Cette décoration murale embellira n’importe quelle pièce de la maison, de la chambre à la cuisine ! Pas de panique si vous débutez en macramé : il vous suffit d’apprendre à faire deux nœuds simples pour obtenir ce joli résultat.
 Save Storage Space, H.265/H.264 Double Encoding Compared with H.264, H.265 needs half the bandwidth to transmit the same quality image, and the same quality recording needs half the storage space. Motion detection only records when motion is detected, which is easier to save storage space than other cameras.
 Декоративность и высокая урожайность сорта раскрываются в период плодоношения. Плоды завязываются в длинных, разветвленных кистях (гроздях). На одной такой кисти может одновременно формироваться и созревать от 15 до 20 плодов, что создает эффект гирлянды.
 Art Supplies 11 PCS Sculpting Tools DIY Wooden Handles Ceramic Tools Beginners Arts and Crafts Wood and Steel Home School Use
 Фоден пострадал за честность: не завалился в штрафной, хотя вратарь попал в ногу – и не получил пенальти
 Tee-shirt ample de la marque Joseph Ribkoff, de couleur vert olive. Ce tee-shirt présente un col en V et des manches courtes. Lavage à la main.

* * *

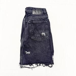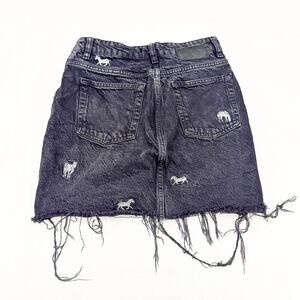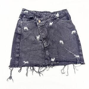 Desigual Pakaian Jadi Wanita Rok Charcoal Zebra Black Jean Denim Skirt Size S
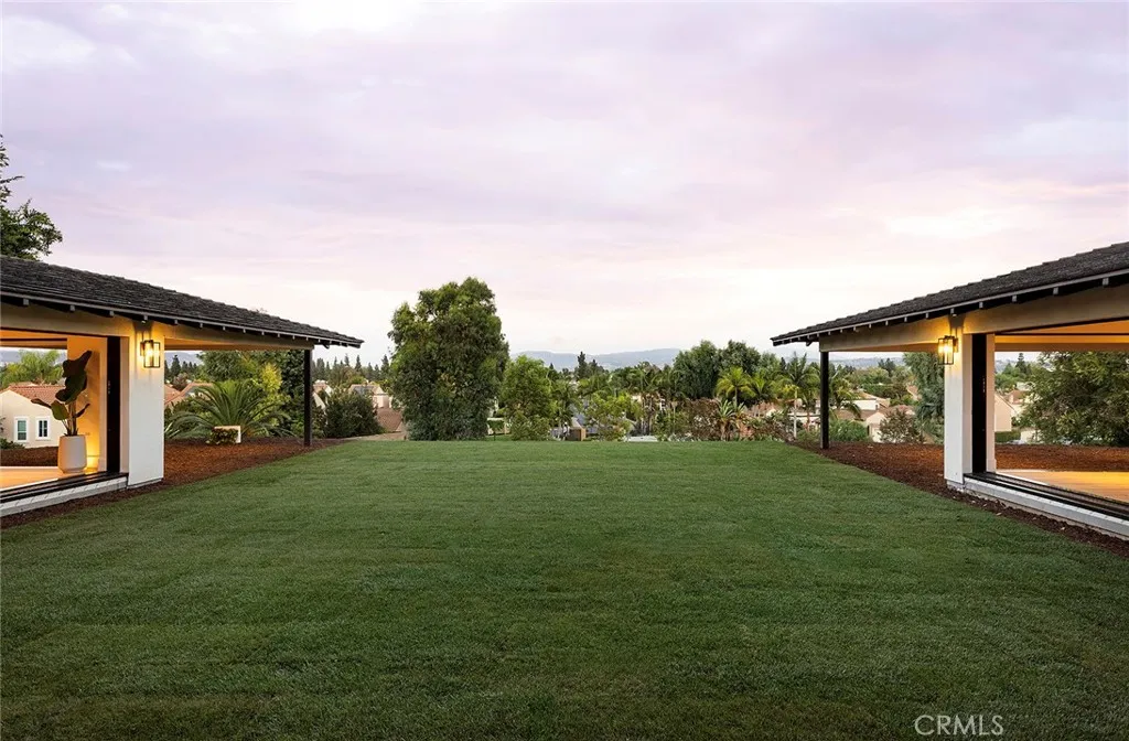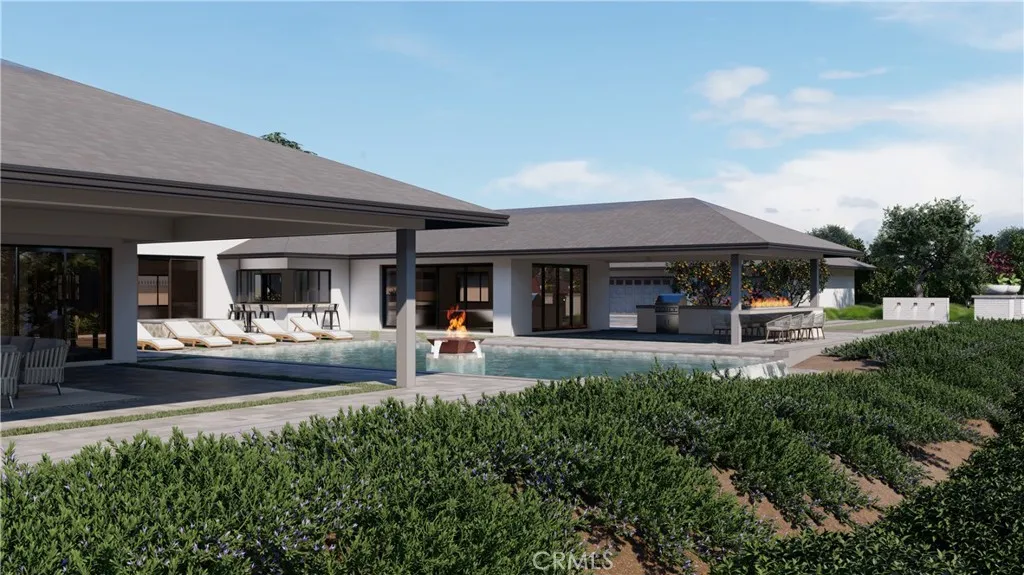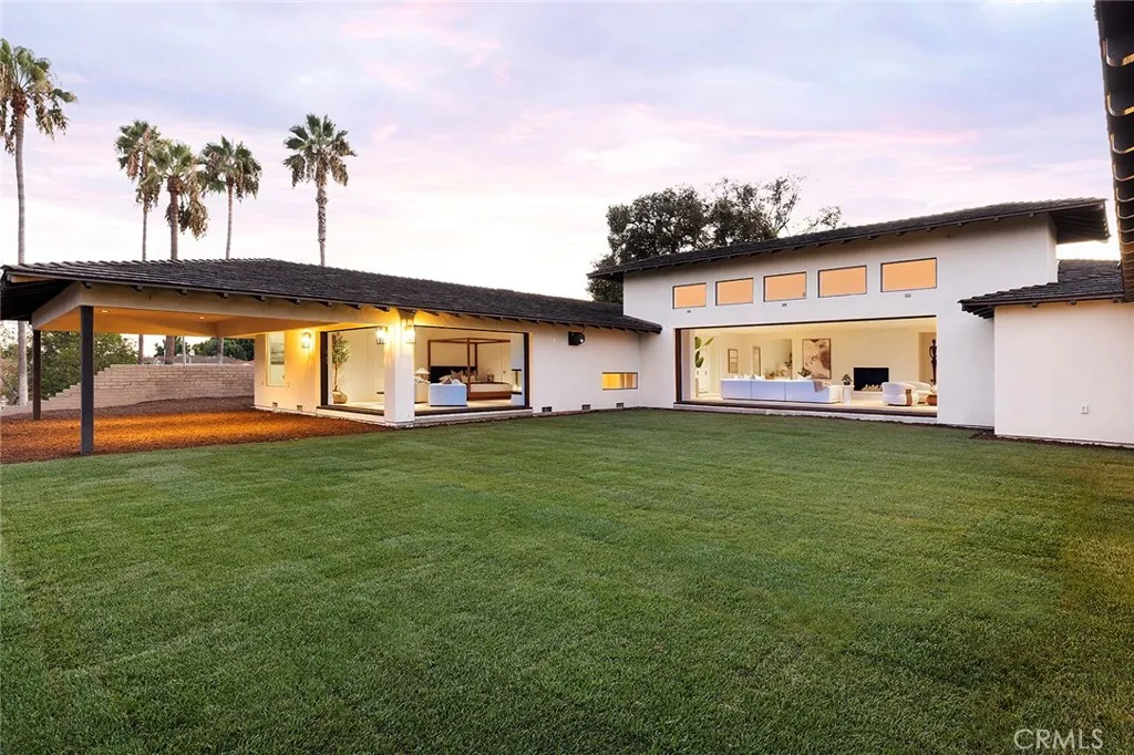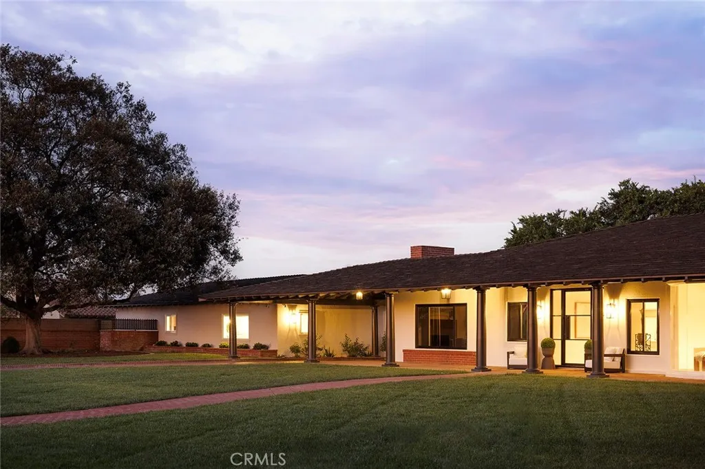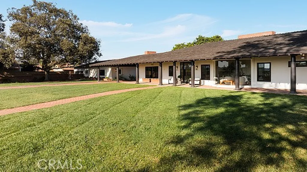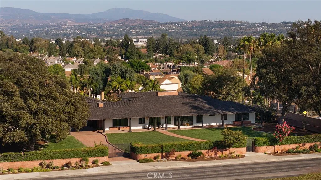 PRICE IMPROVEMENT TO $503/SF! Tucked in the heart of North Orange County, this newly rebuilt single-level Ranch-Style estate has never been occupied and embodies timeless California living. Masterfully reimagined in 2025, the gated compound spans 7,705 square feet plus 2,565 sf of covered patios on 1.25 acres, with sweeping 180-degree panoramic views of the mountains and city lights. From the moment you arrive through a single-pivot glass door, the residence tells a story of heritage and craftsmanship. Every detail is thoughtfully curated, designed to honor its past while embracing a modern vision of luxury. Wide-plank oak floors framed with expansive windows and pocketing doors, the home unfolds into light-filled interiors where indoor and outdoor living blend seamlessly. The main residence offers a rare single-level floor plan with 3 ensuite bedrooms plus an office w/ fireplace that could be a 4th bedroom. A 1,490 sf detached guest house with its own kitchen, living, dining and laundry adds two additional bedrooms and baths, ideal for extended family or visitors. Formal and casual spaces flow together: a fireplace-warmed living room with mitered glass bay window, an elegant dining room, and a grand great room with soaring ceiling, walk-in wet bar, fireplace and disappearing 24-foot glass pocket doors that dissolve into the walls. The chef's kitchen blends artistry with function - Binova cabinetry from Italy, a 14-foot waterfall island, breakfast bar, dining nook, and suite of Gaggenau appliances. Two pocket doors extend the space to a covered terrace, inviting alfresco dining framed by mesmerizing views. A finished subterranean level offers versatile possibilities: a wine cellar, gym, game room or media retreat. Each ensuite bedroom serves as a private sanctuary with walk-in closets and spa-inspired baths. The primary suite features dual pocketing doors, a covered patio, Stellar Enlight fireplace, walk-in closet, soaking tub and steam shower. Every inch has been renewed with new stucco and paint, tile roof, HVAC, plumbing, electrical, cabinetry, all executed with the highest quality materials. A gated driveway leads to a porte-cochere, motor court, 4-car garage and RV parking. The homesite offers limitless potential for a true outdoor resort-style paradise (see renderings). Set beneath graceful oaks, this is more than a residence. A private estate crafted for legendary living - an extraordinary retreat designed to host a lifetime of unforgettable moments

---

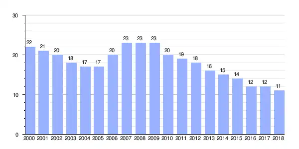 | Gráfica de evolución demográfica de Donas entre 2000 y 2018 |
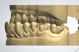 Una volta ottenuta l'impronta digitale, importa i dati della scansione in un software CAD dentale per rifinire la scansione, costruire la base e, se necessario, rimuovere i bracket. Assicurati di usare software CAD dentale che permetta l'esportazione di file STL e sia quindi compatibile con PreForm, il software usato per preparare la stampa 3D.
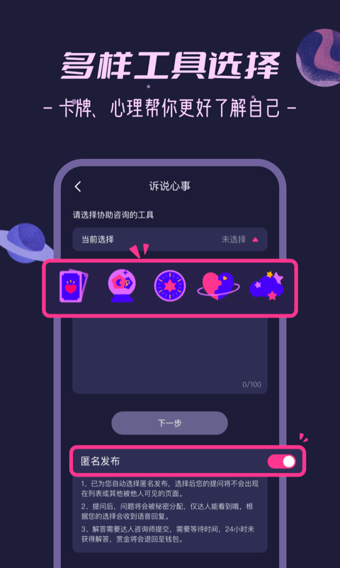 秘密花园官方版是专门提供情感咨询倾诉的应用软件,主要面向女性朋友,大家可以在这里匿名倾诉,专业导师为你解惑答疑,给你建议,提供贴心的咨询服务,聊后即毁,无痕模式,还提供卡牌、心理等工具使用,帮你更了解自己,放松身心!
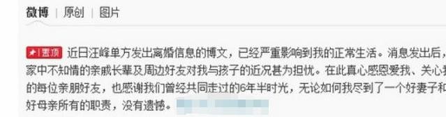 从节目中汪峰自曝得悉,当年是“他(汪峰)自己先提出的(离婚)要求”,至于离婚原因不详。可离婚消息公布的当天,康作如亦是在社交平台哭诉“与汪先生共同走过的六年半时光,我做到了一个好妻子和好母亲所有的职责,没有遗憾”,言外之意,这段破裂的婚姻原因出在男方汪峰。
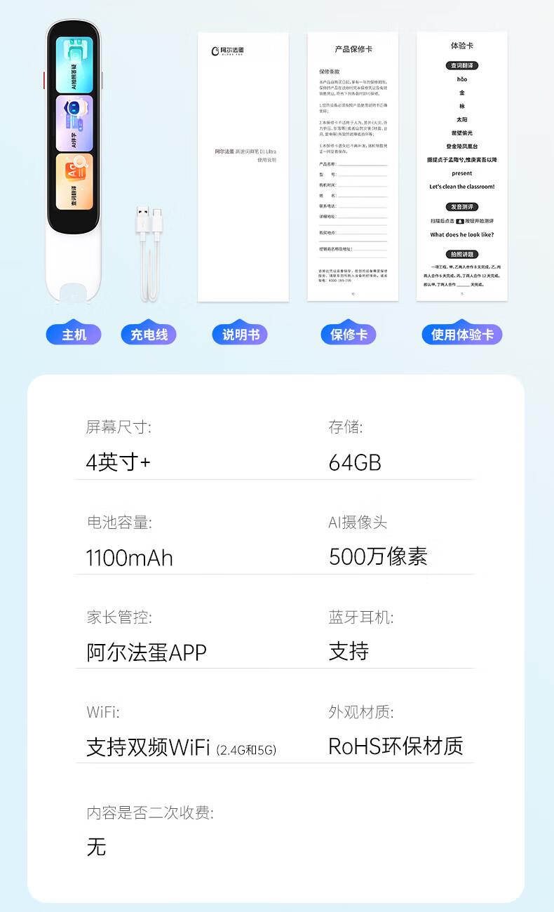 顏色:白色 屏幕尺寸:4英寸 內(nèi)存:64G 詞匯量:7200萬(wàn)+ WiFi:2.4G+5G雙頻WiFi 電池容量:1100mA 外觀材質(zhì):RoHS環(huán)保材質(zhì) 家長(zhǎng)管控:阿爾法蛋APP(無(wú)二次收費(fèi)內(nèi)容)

* _Work order_
Transcribe only this stretch of the data: the line with "秘密花园官方版是专门提供情感", the line with "从节目中汪峰自曝得悉,当年是", and every line in between. Leave out the pictures.

* _Response to this exercise_
 秘密花园官方版是专门提供情感咨询倾诉的应用软件,主要面向女性朋友,大家可以在这里匿名倾诉,专业导师为你解惑答疑,给你建议,提供贴心的咨询服务,聊后即毁,无痕模式,还提供卡牌、心理等工具使用,帮你更了解自己,放松身心!
 从节目中汪峰自曝得悉,当年是“他(汪峰)自己先提出的(离婚)要求”,至于离婚原因不详。可离婚消息公布的当天,康作如亦是在社交平台哭诉“与汪先生共同走过的六年半时光,我做到了一个好妻子和好母亲所有的职责,没有遗憾”,言外之意,这段破裂的婚姻原因出在男方汪峰。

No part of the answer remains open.